Andrew G. Morgan <[email protected]>
diff --git a/psx/doc.go b/psx/doc.go
index e6f9013..c4ba829 100644
--- a/psx/doc.go
+++ b/psx/doc.go
@@ -1,5 +1,5 @@
// Package psx provides support for system calls that are run
-// simultanously on all threads under Linux.
+// simultaneously on all threads under Linux.
//
// This property can be used to work around a historical lack of
// native Go support for such a feature.

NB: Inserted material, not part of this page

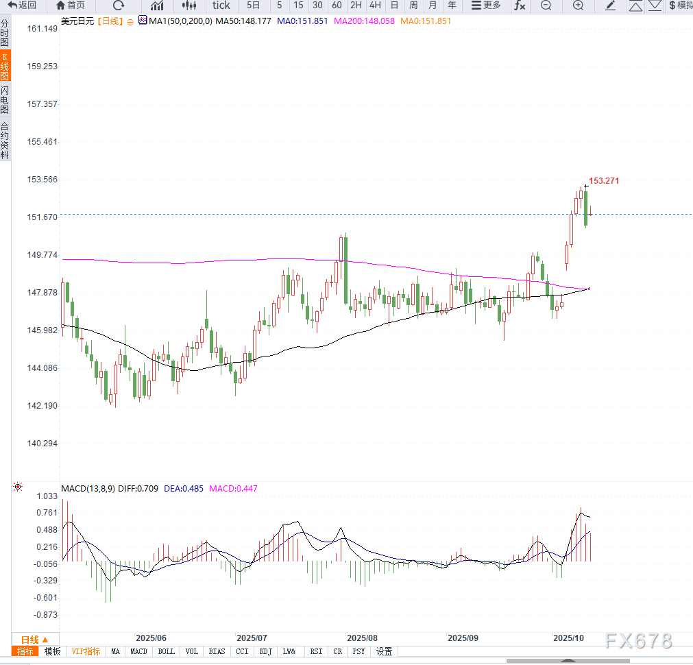 周一亚洲交易时段,美元兑日元维持在152.00附近,日元整体承压。由于日本国内政治局势动荡与市场流动性低迷,避险需求难以有效支撑日元反弹。 ![]() 尽管双方言辞激烈,但特朗普随后缓和语气,称“亚洲国家经济会没问题,美国希望帮助而非伤害”,此言论短暂提振了市场风险偏好,令日元承压。 此外,日本国内政治不确定性上升。公明党宣布结束与自民党长达26年的执政联盟,使得高市早苗成为日本首位女性首相的竞选之路蒙上阴影。政治动荡引发投资者担忧,也成为日元走弱的推手之一。 从货币政策角度看,市场仍预计日本央行年内可能加息一次,而美联储则被广泛认为将于年内降息两次。两国央行的政策分歧在短期内将继续抑制美元兑日元的下行空间。 与此同时,美国政府停摆仍在持续,预算僵局导致数千名联邦雇员停薪休假,这令美元多头保持谨慎,但尚不足以改变美元的中期支撑格局。 从日线级别来看,美元兑日元仍处于强势整理阶段。汇价在上周触及153.25的八个月高点后小幅回调,目前稳于5日均线与10日均线上方。 MACD指标维持红柱延展,RSI接近70水平,显示短线多头动能仍充足,但存在轻微超买迹象。若价格持续站稳152.20(100小时均线)上方,将确认新的上行动能,目标指向152.70-153.00区域; 若跌破151.00支撑,或触发回调至150.70甚至150.00一线。整体结构仍为震荡偏强。 Karobaar Capital分析师Haris Khurshid表示:“除非日本政府迅速稳定政治格局,否则日元短线反弹将受限。美元兑日元若突破153,将打开新的上行通道。” ![]() 美元兑日元的走势在政治与政策双重影响下短期波动加剧,但整体多头趋势仍未改变。若美国经济数据维持稳健、且美联储降息幅度低于预期,美元兑日元有望维持强势区间运行。 ![]() |

Something that is the subject
@@ -12,9 +12,9 @@
//
// In the former case, psx is a low overhead wrapper for the two
// native go calls: syscall.AllThreadsSyscall() and
-// syscall.AllThreadsSyscall6() [expected to be] introduced in
-// go1.16. We provide this wrapping to minimize client source code
-// changes when compiling with or without CGo enabled.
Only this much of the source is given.